He’s disoriented and in tremendous pain, but when you drop down next to him, his eyes find yours immediately.

In this moment, you know that you cannot, under any circumstances, stand to lose this man.

His gaze remains locked onto you even as he keeps babbling nonsense, which you encourage because as long as he’s talking, he’s not dead, and you have time.

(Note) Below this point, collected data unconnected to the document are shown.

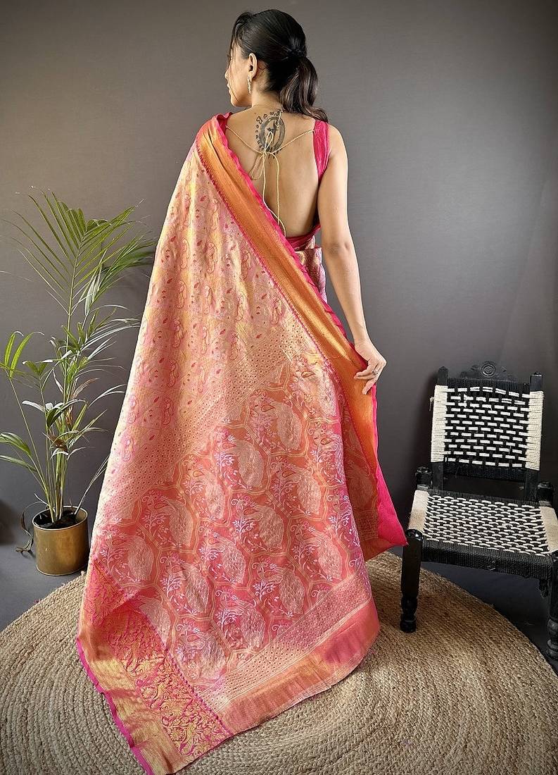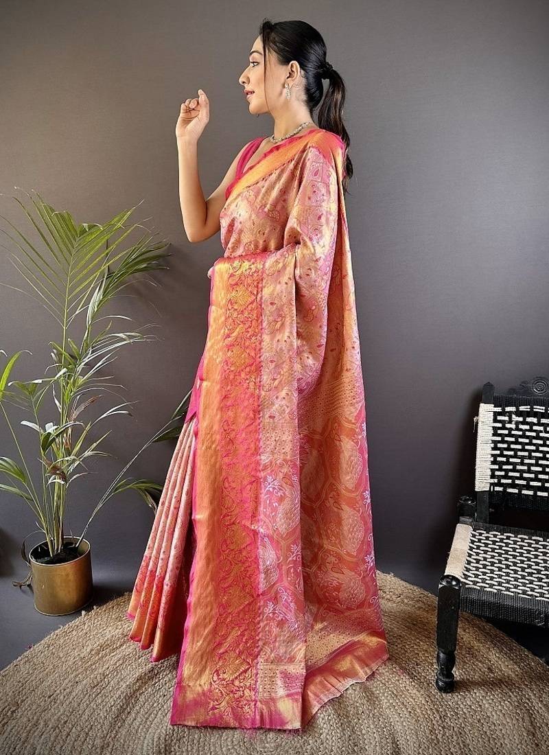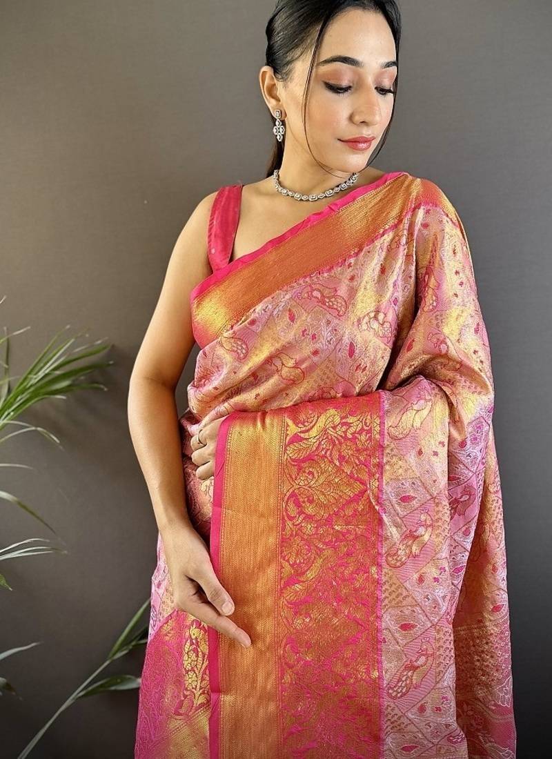 Pink & multicolor color zari weaving work kanjivaram tissue silk saree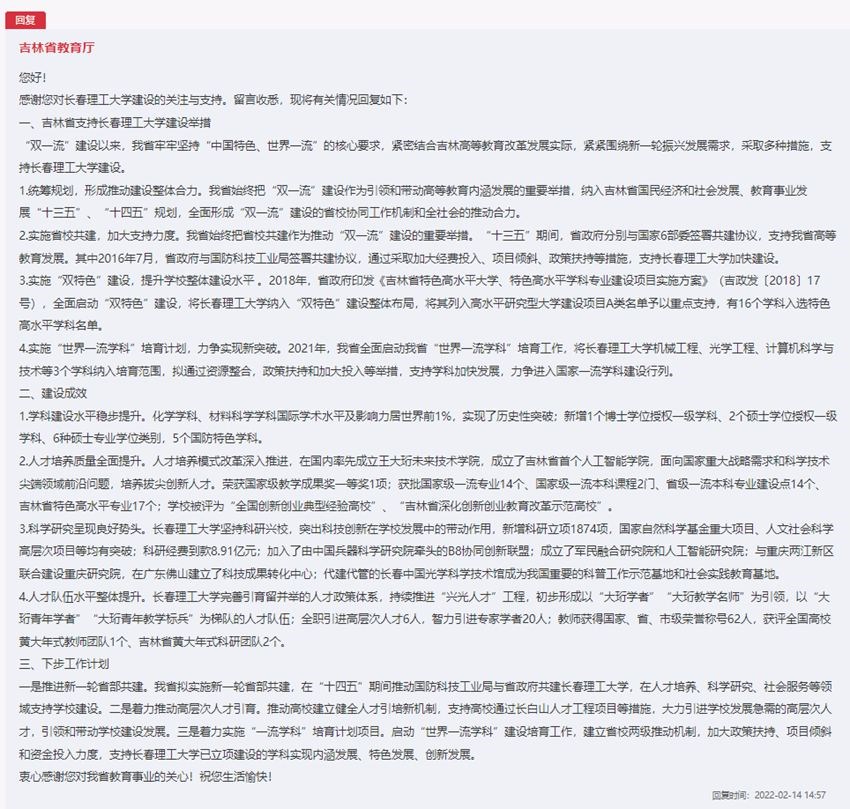 吉林省教育廳回復(fù)了網(wǎng)友的留言,并對吉林省高校建設(shè)工作進行了詳細闡述。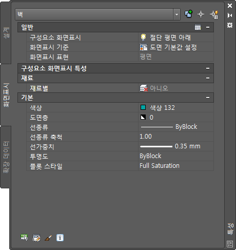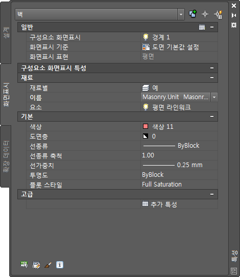 - 특성 팔레트에서 화면표시 탭을 클릭합니다.
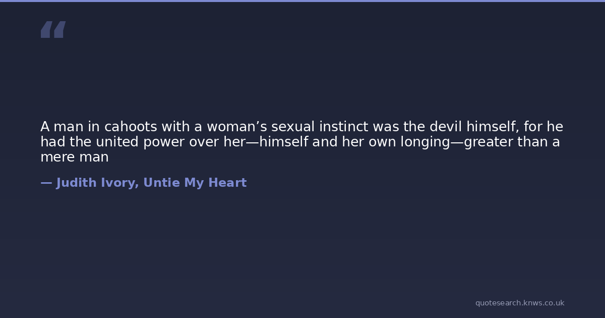 A man in cahoots with a woman’s sexual instinct was the devil himself, for he had the united power over her—himself and her own longing—greater than a mere man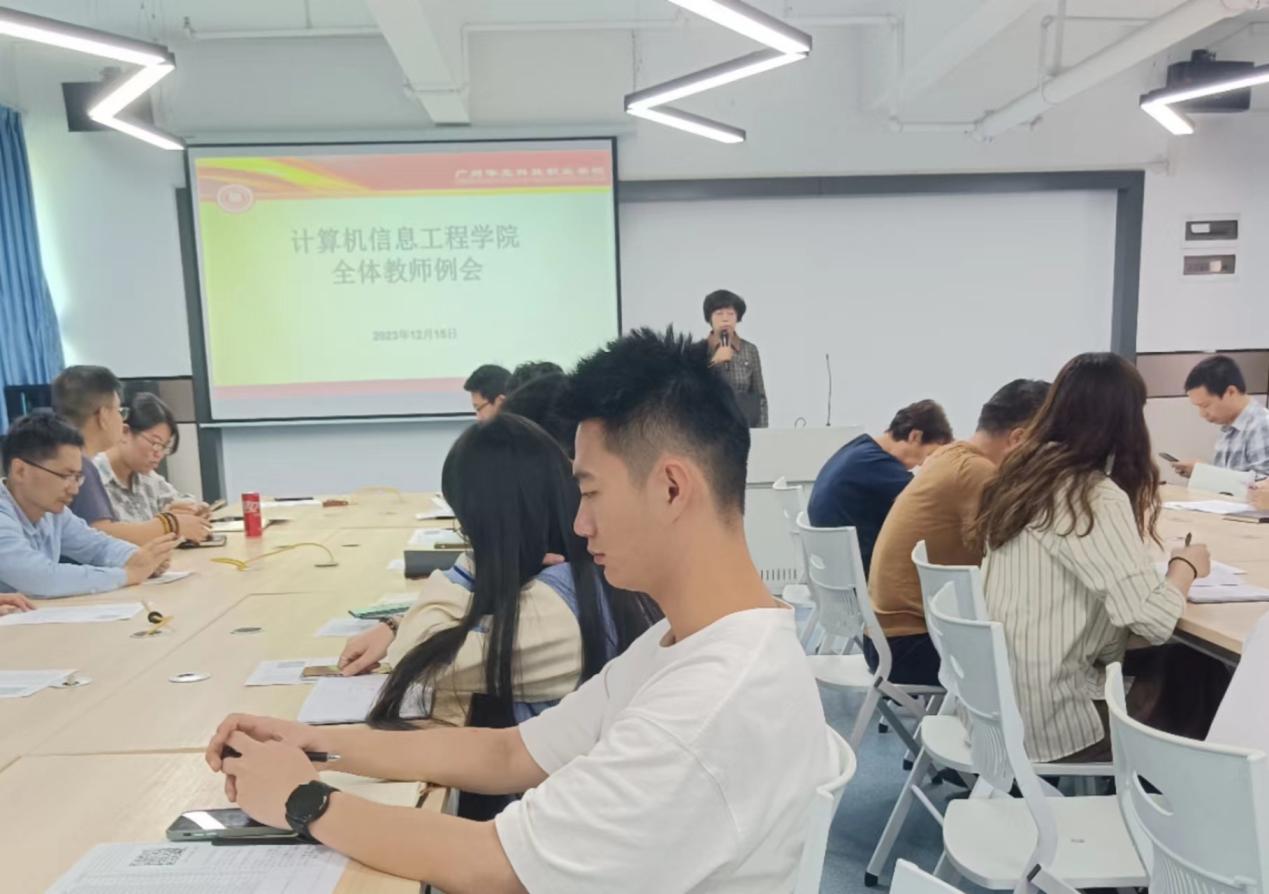 12月15日,计算机信息工程学院在西三501课室召开本学期期末工作部署会议。会议由院长王建华教授主持,本次学院全体教师大会主要内容有:成立学院意识形态工作领导小组、党总支意识形态工作责任制实施方案、2023-2024学年第二学期教材征订工作和学习加强教学管理过程中安全意识等。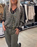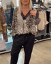 Mode luipaard print blouse met V-hals en kant patchwork
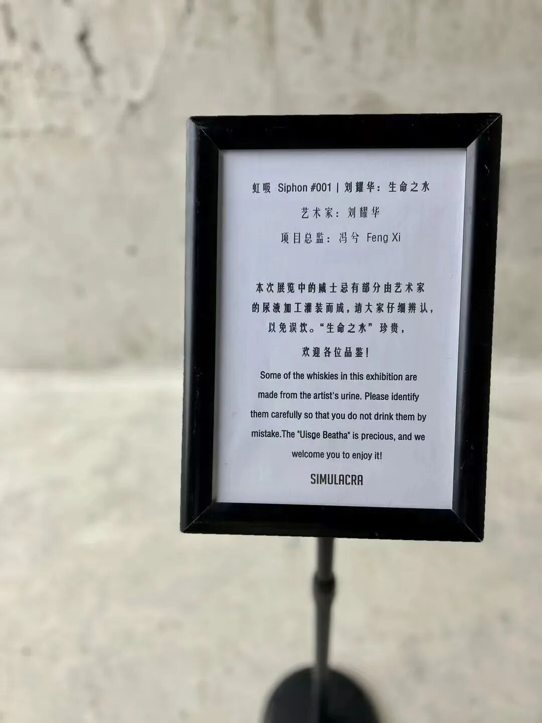 刘耀华《生命之水》作为虹吸项目首展已于8月27日下午3点在SIMULACRA开幕,并于次日撤展。艺术家将画廊空间布置成一个酒会的形式,邀请前来的观众进行威士忌品鉴。酒会上的数十瓶威士忌中覆盖了苏格兰、爱尔兰、日本、中国等各个国家、产区,以及不同年份,但其中有部分是由艺术家的尿液加工灌装而成,从视觉上难以分辨。为了使别人不能通过嗅觉容易辨别,刘耀华甚至使用了“威士忌香精”来压制尿的气味。这就像是一个观念的剧场,一个心理游戏的实验,不同的人面对这场酒会也表现出非常不同的反应。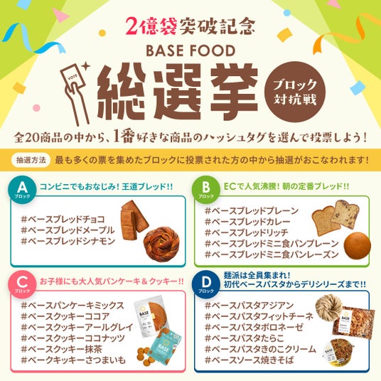□概要:BASE FOODシリーズ20商品の中から1番好きな商品を投票。抽選で200名様にBASE FOODオリジナルグッズをプレゼント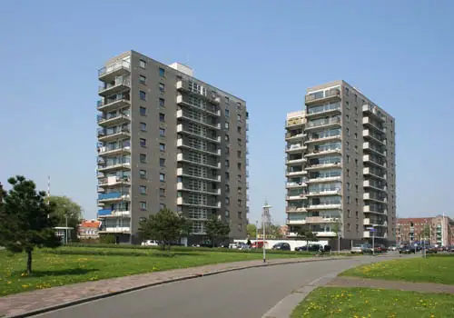 De langsgevels van de torens zijn uitgevoerd in baksteen. De kopgevels hebben glazen puien met balkons.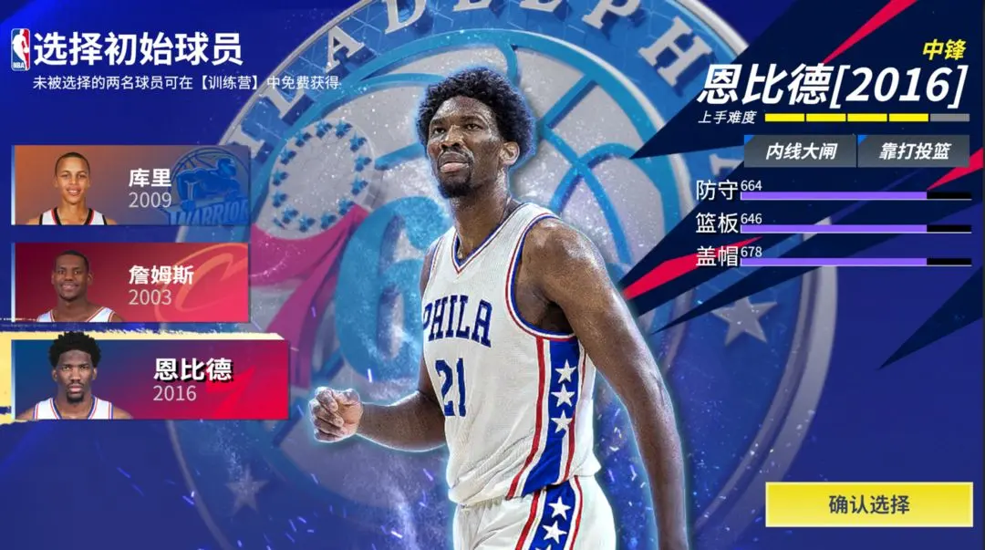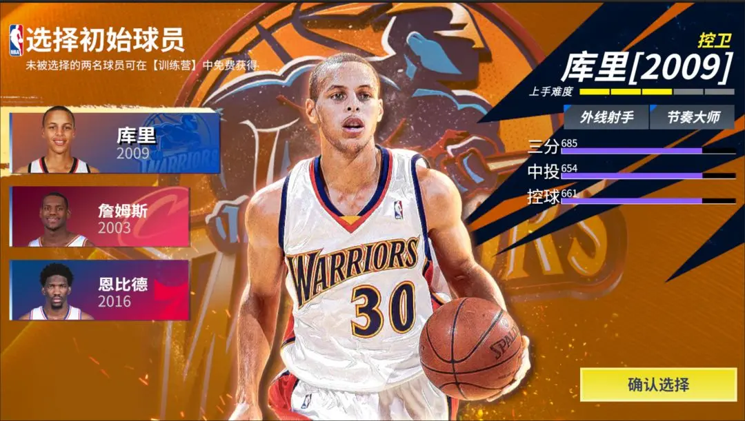 各位“巨星”首次登录游戏完成起名后,在初始球员选择界面会遇到三选一的选项:新秀库里、新秀恩比德和新秀詹姆斯。这三位新秀球员会在游戏前期陪伴各位“巨星”开启联合试训的旅程。在这篇攻略里,本吉祥物将详细讲解这三位球星的特性,助力各位“巨星”做出最适合的选择,并快速掌握这三位新秀球星的玩法,在赛场上称霸!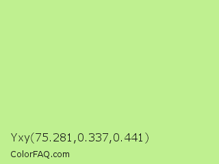 Yxy 75.281,0.337,0.441 Color is a light green color and the nearest color is Sulu #c1f07c. Hex code #bff090 and RGB value is rgb(191,240,144). In RGB color space, this color is composed of 75% red, 94% green, 56% blue, In CMYK color space, this color is composed of 20% cyan, 0% magenta, 40% yellow , 6% black , In HSL color space, this color has a hue angle of 91° , 76% saturation and 75% lightness.
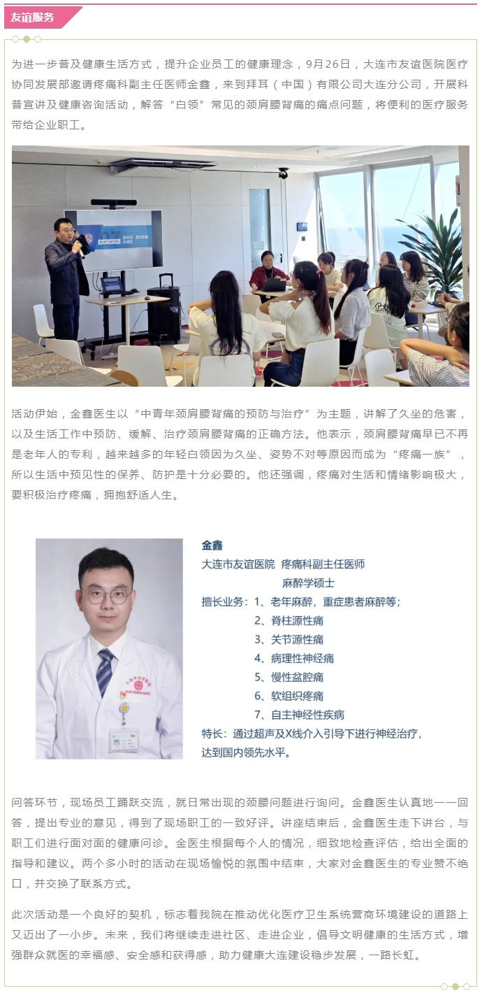 【友谊服务】医生进企送健康,解答职场人的“疼痛”难题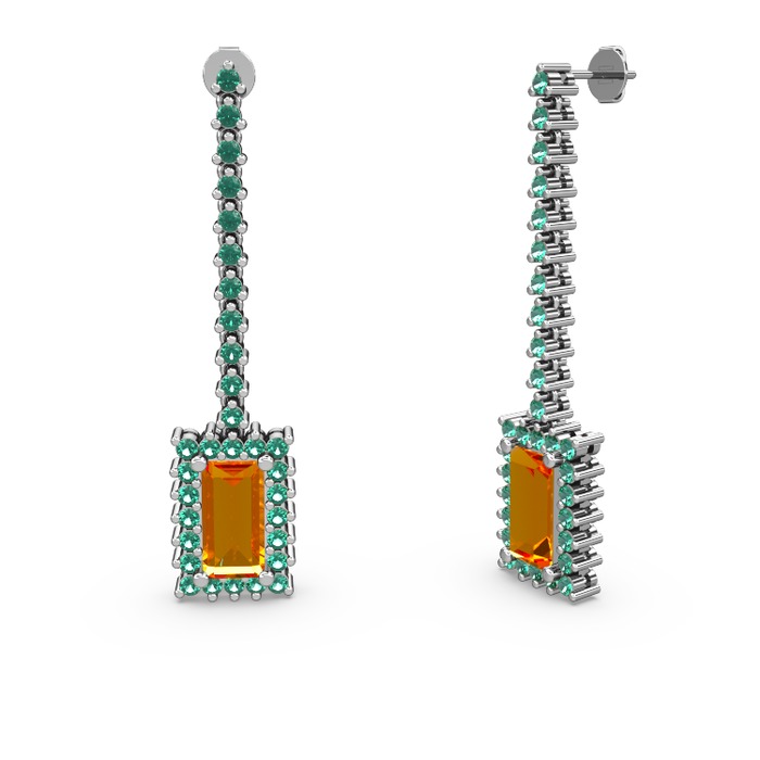 Sitrin ve yeşil kuvars 14 ayar beyaz altın küpe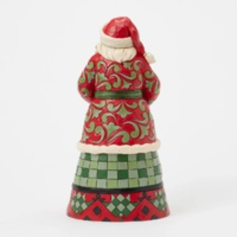 This charming Jim Shore design features Santa holding a Red Truck, dressed in a cozy buffalo plaid cloak that embodies holiday warmth. He captures the spirit of Christmas.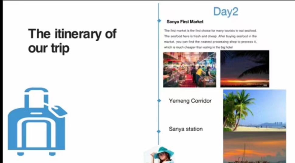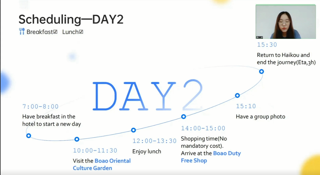 The purpose of this competition was to enrich students' learning life, showed their personality and wisdom, and promote the formation of a positive, progressive and harmonious campus cultural atmosphere. The competition was online. The contestants took the team as a unit, planned the route design, and explained it in English. They showed the PPT by video recording, and attached the relevant scenic activity introduction, pictures and route diagrams.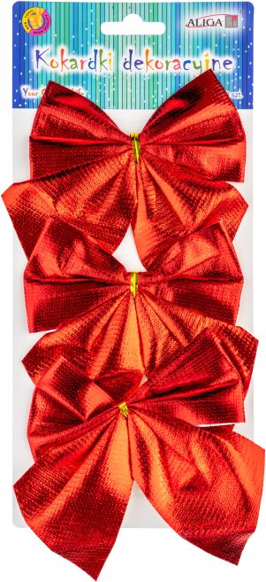 Aliga » Pozostałe ciekawe artykuły » Kokardki KOK-5272 metalizowane czerwone, rozm. 14x12cm, blist. 3szt.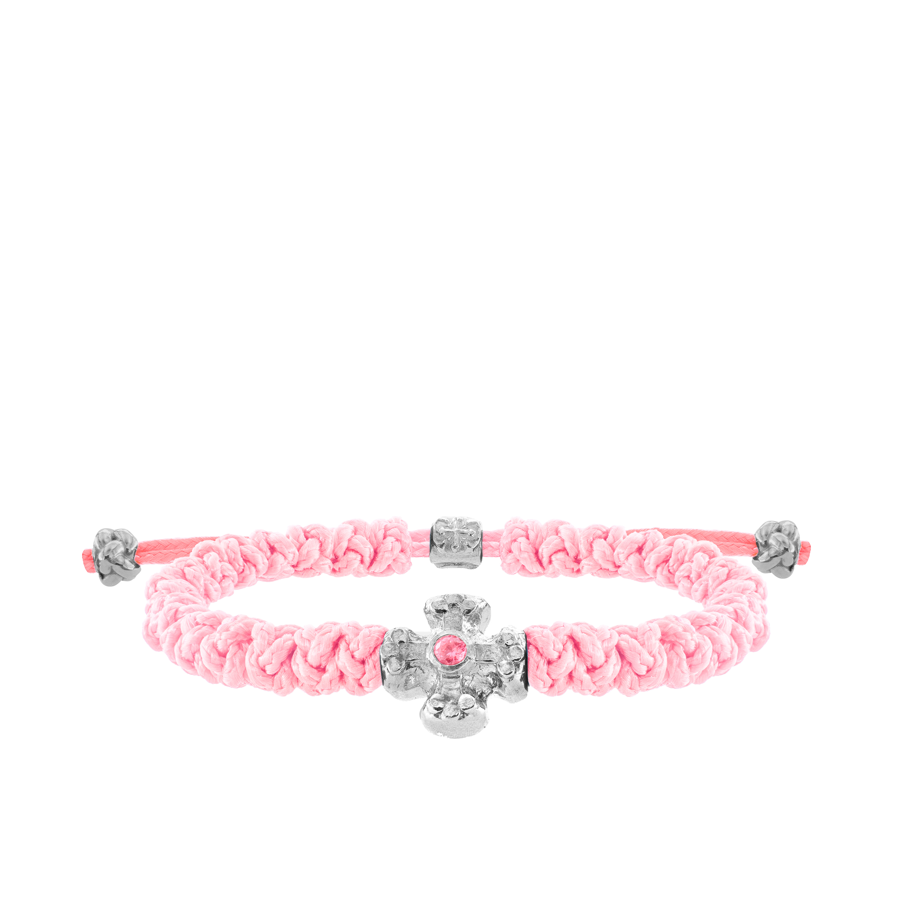 • Armour Petit Cross made from Rhodium with 3mm Shiny Pink Stone; 33 hand-knitted knots in Vivid Pink color made from High Quality Silk; Cross Logo Tunnel Closure System with 2 Glossy knots; Product Pouch with Cross Logo for storage and cleaning; Wooden Box with Cross Logo and Magnet Closure System (optional); Weight – 200g.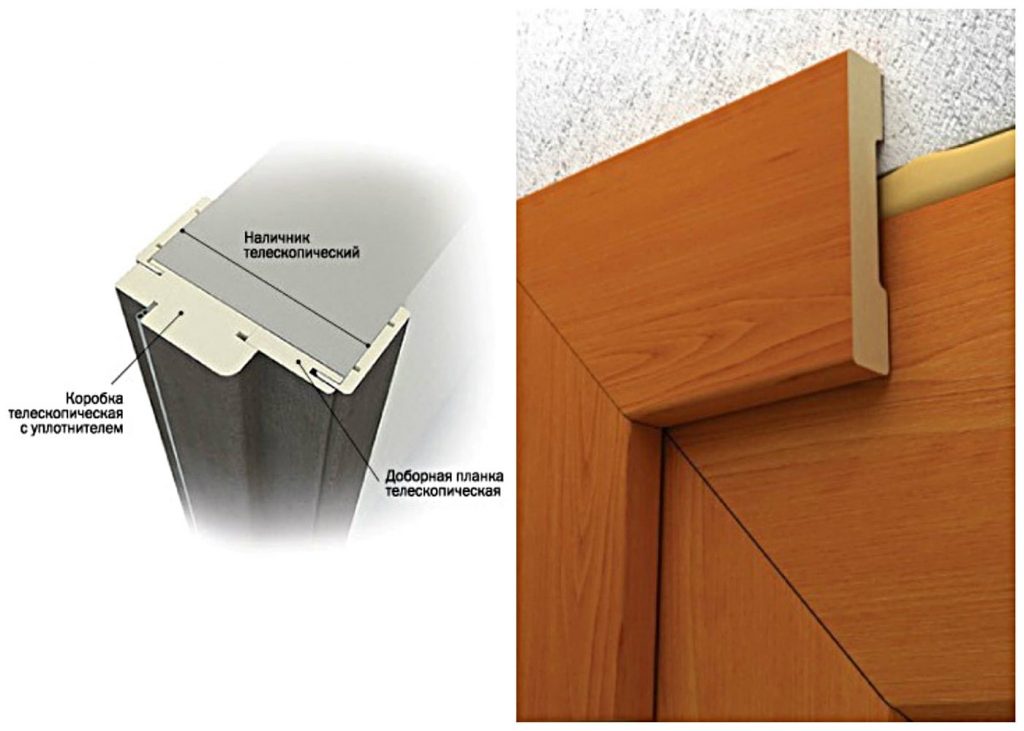 Доборы устанавливаются только в случае, если толщина стены намного больше толщины коробки двери. Если же толщина стены больше на 2-3 см то, можно обойтись без доборов, но понадобятся телескопические наличники. Они изготовлены в виде уголка и позволяют закрыть собой часть стены. Кроме того, коробка должна быть адаптирована под такого вида наличники, в ней должны быть необходимые пазы.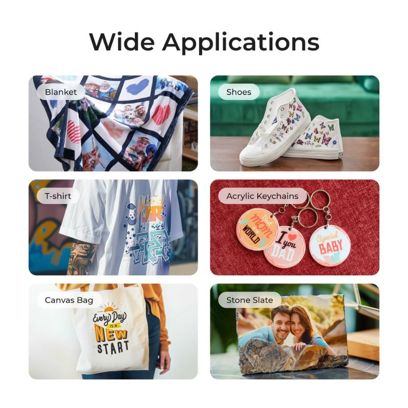 Dit alles-in-één kit stelt je in staat om thermische overbrengingen met verhoogde precisie, snelheid en veiligheid uit te voeren, wat een optimale ervaring biedt voor het personaliseren van je textielcreaties.

But then, he looks away from you, behind you, eyes widening in horror at the same time at the same time as the hairs at the back of your neck stand up.

For a man actively bleeding out under your desperate hands, he’s quick, iron focus on the danger behind you as he pushes his gun into your hands. You take it and fire it behind you without even looking. If Harry says there’s danger, then there’s danger, and you won’t doubt it for a second.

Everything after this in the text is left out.